Overview

A microbiome refers to the collection of all microbes, including bacteria, archaea, fungi, protists, and their genetic material within a specific habitat. While some microbiomes are associated with a host (e.g. the human gut or a plant root), there are environmental microbiomes (e.g. air, soil water). Microbiomes differ in the types of microbes present, their abundance, and their ecological diversity. In agroecosystems, these dynamic and interacting environmental and plant-associated microbiomes carry out important beneficial functions including decomposition of organic matter, soil nutrient cycling, and plant growth promotion. Optimizing these beneficial microbiome functions is a promising and sustainable solution for addressing future agronomic challenges related to food insecurity and climate change. In order to harness beneficial microbes, we need to better understand the complex ecological interactions occurring in the field and feedback mechanisms between microbes, plants, and soil.

G. Murali, G. Alka, Microbiome Selection Could Spur Next-Generation Plant Breeding Strategies, Front. Microbiol., Sec. Microbial Symbioses, Volume 7 (2016)

Project Goals

The goal of the Choudoir Lab’s applied soil microbiome extension research program is to translate microbiome science to sustainable agriculture. Climate change, continued intensive agriculture practices, and the increasing demands of food systems threaten soil microbiome biodiversity and their important ecosystem functions. At the same time, microbial solutions to agronomic challenges can support sustainability goals! Our research philosophy aligns with environmental, social, and climate justice goals.

Project Design

We study soil microbiomes  at CEFS’ Cherry Research Farm in Goldsboro, NC. Here at the Farming Systems Research Unit, since 1999 five distinct land management practices have been consistently implemented for over 24 years. This long-term study allows us to measure and quantify  changes in soil microbial communities across time scales that are relevant to changes in  ecosystem function.

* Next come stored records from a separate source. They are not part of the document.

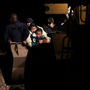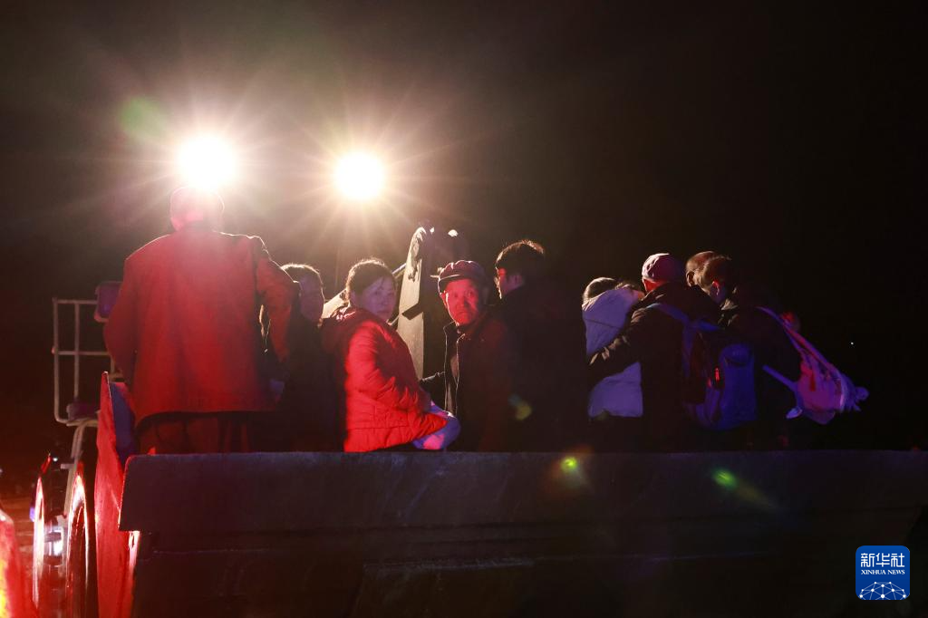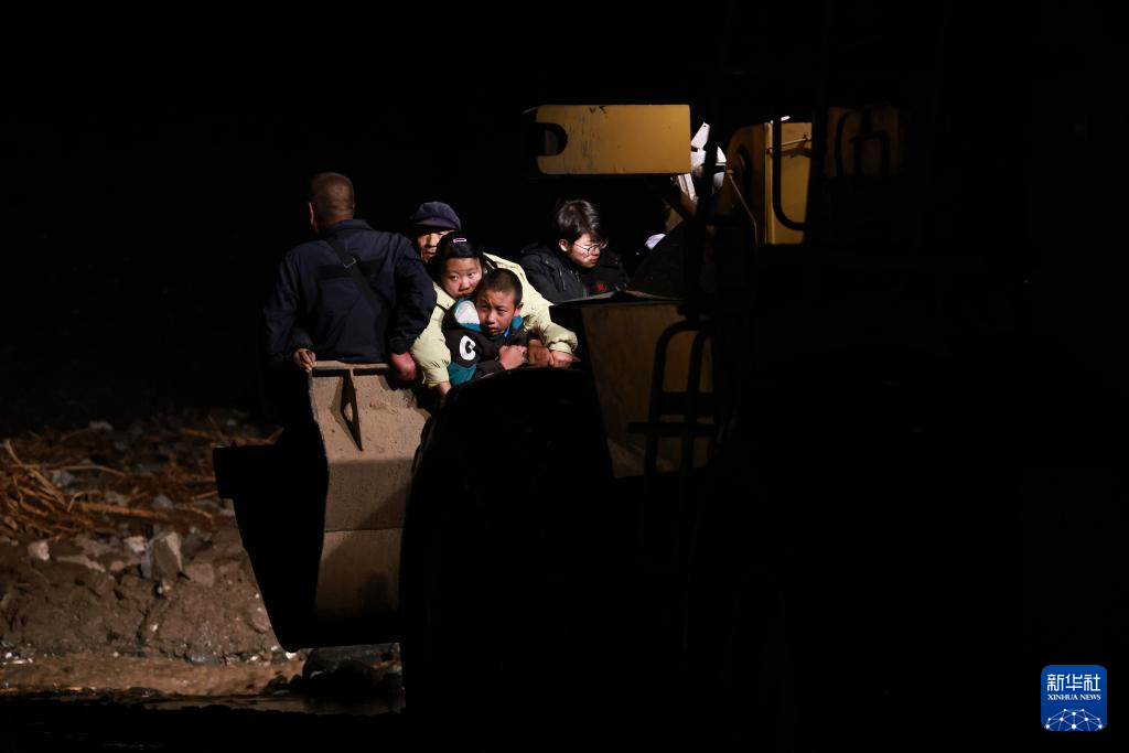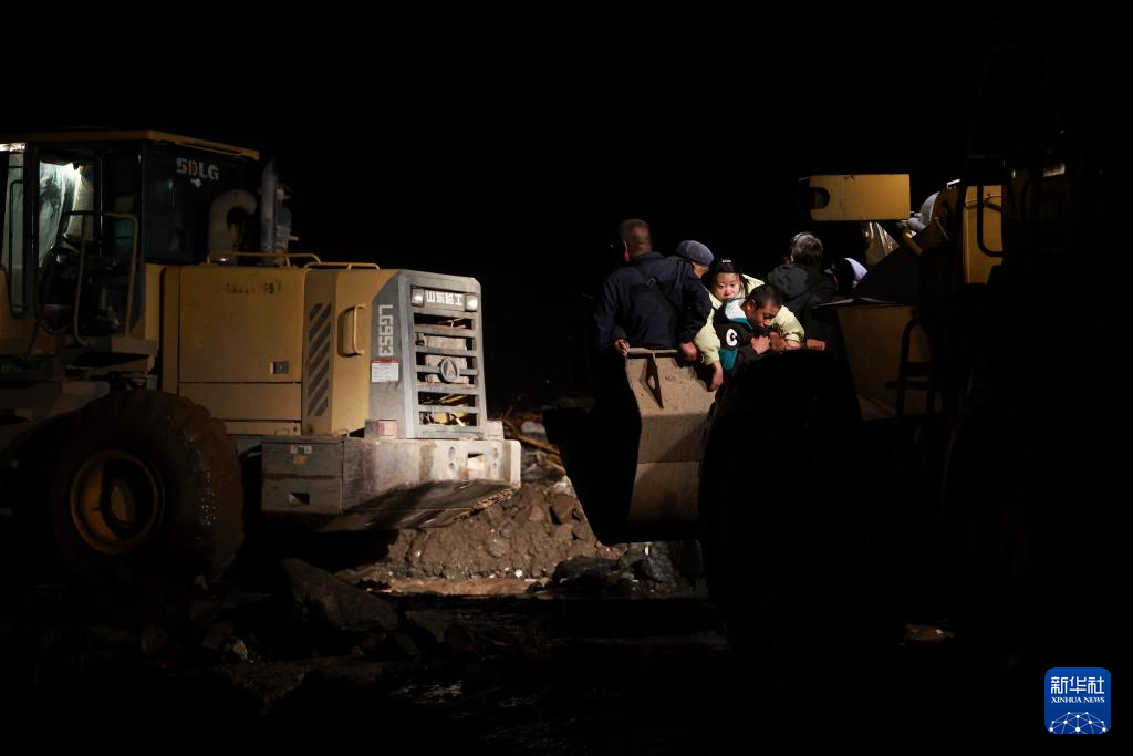 8月8日晚,在榆中县马坡乡马莲滩村,救援人员驾驶装载机转移受灾群众。
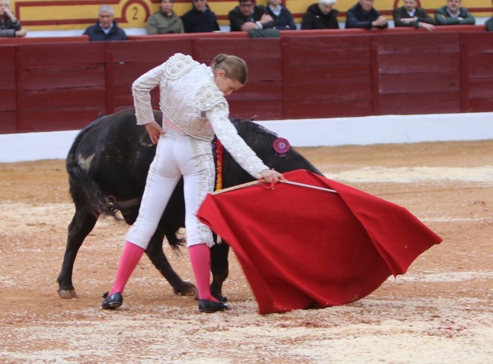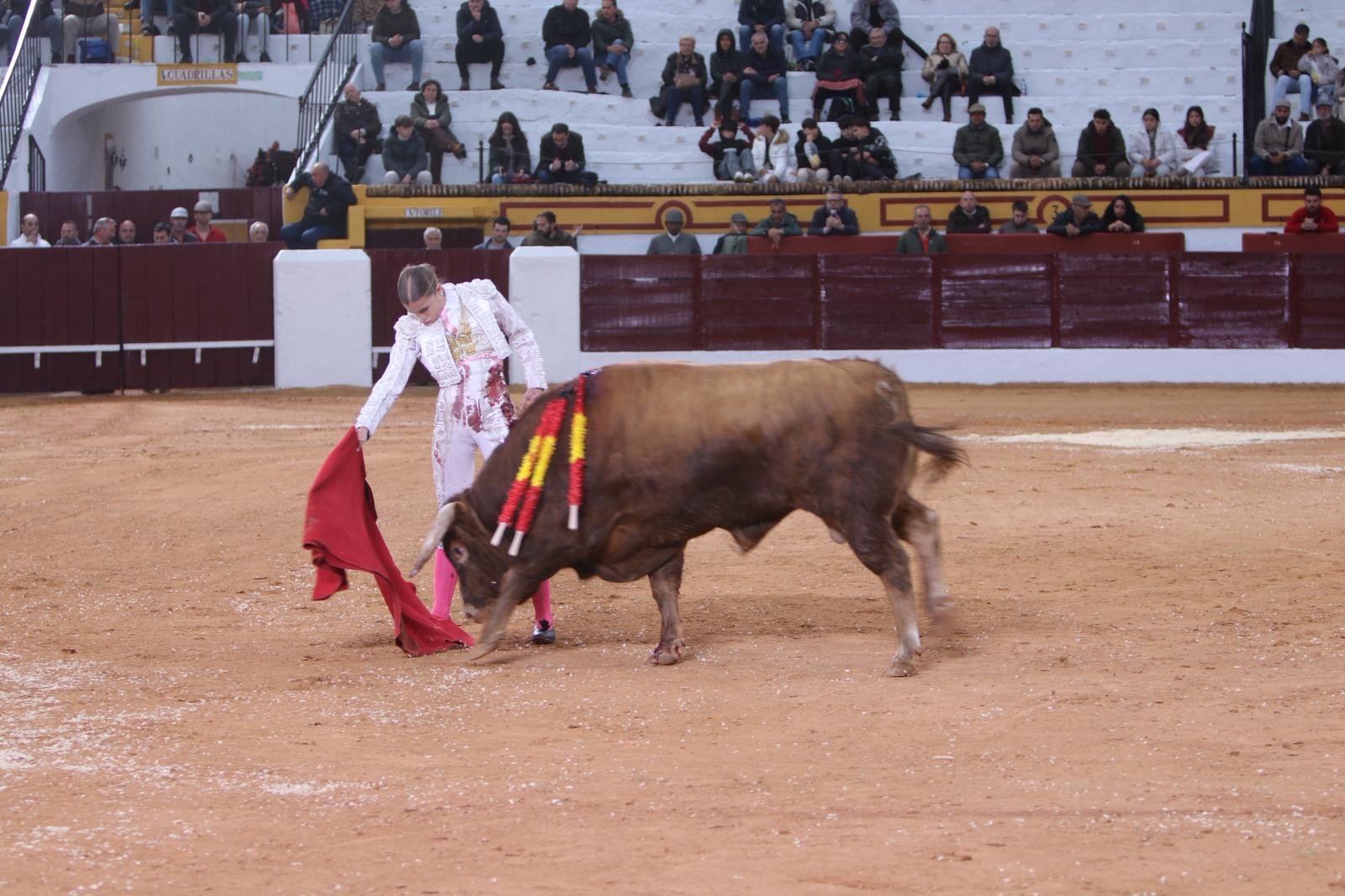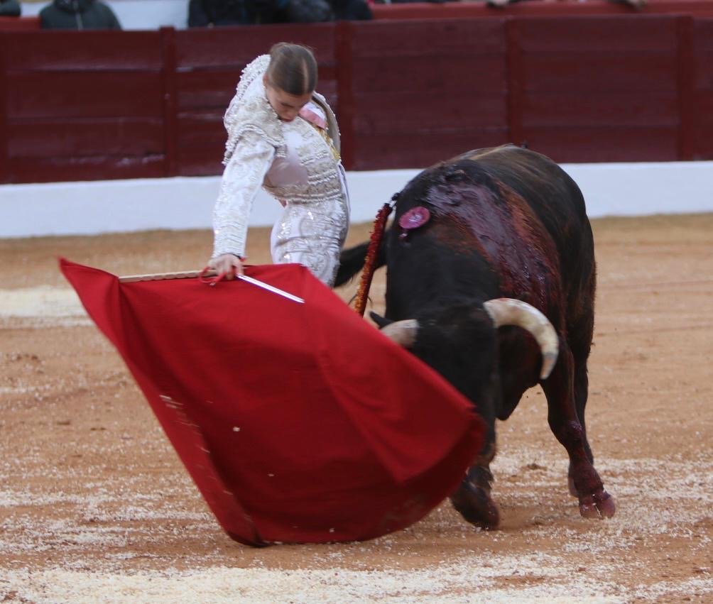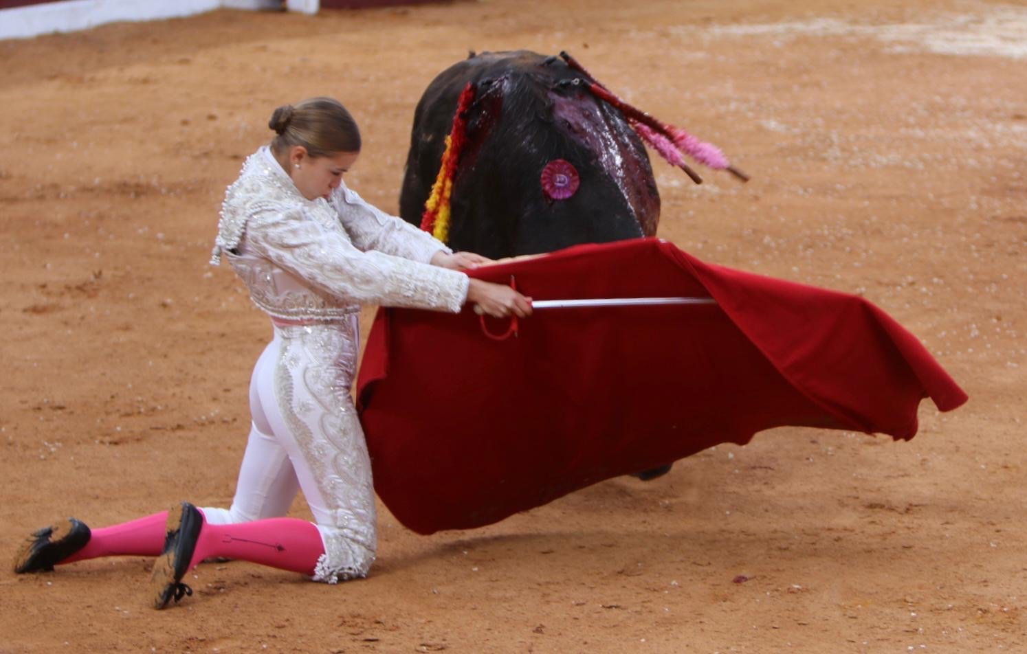 En su segundo lo recibió doblándose con el capote. Con la muleta inició la faena con estatuarios y trató de marcar distancias por ambos pitones. El novillo, con comportamiento de auténtico buey de carreta y escasa transmisión, apenas permitió continuidad. La torera insistió y, tras una estocada, cortó una oreja.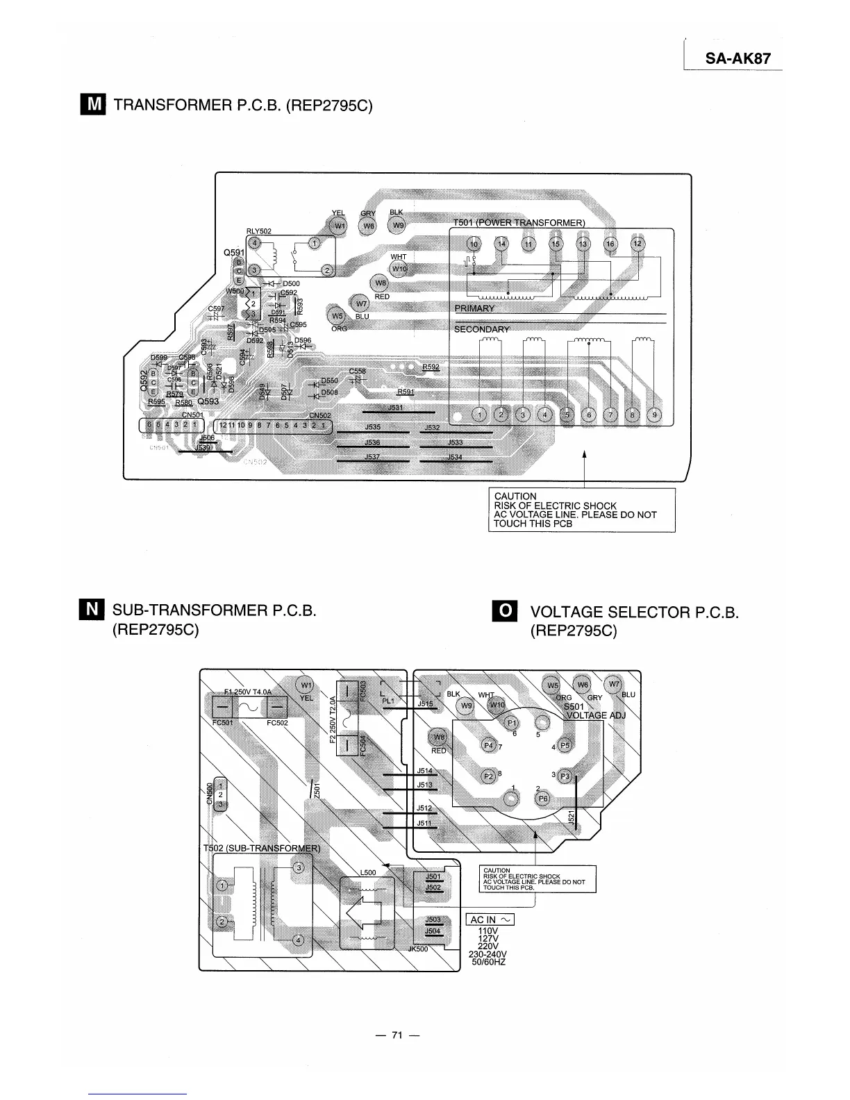 Panasonic SA-AK87 - Printed Circuit Boards (PCBs) Layouts; Transformer P.C.B. Layout Diagram; Sub-Transformer and Voltage Selector P.C.B. Layouts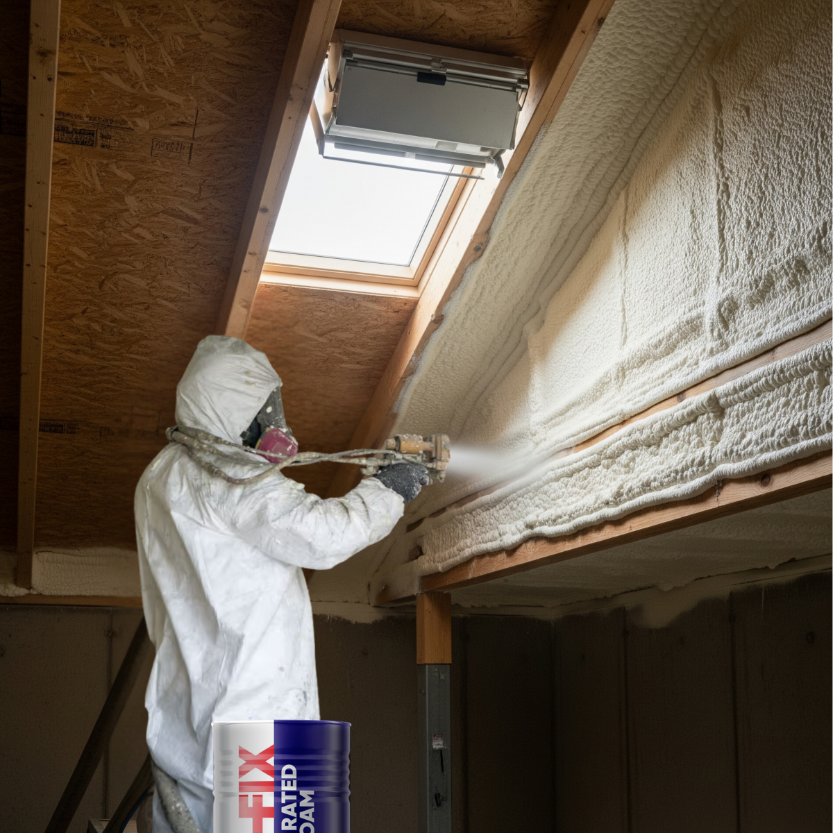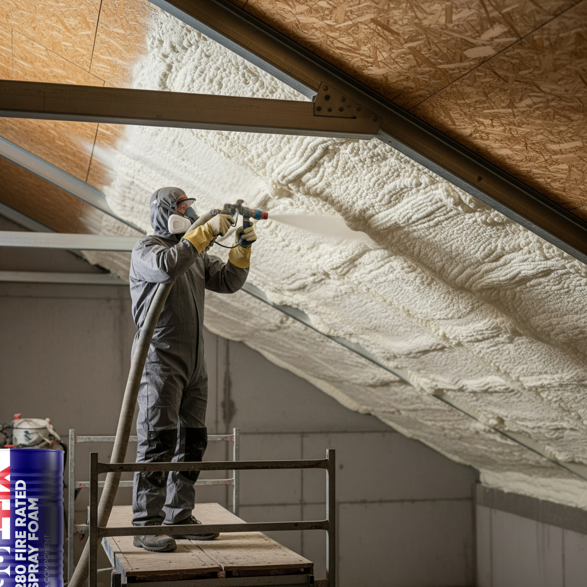 SUF-FIX 280F PU system is designed for spray application of polyurethane foam. The material must be applied with a high-pressure plural component spray polyurethane machine. Resulting foam has excellent physical properties and is classified according to DIN 4102 B1 norm. The foam stability and adhesion to the application surface is excellent. The applied foam density is medium but it can vary according to the numbers of layers and their thickness, atmospheric conditions and type of application (vertical or horizontal). To get a good foam adhesion the surface to be dry, not at too low temperature, cleaned from oil and dust etc. Intended end use in pipeline support, Trench breaker/plug or other general void fill applications requiring fast reactivity. Also, reaction profiles suitable for over the floor, on wall and under the ceiling.

By sampling soil and rhizosphere microbiomes, we  aim to understand how these microbial communities  contribute to soil and plant health and other agroecosystem functions. This large-scale system-level experiment provides a unique opportunity for exploring the complex relationships between long-term land management practices and soil microbial biodiversity and function. We are using DNA sequencing methods to ask two distinct, but related questions.

1. How does long-term agronomic management impact soil microbiome composition, structure, and diversity? To address this question, we are using microbiome sequencing to explore presence/absence patterns and the relative abundances of microbial species in soil collected in 1999, 2015, and 2023. This allows us to explore how these communities may be changing over time. We are looking at bacteria, fungal, and protist communities.
2. How does annual variation and environmental disturbance influence microbial functional potential and greenhouse gas emissions? To address this question, we are using metagenomic sequencing to quantify the diversity and abundances of functional genes in soils from different treatment plots. The objective is to link these functional gene patterns to greenhouse gas emissions, and to further observe these relationships between gene content and function in soils following environmental disturbance (i.e. extreme climate event or flooding). This project is supported by the DOE JGI’s New Investigator Community Sequence Project (CSP).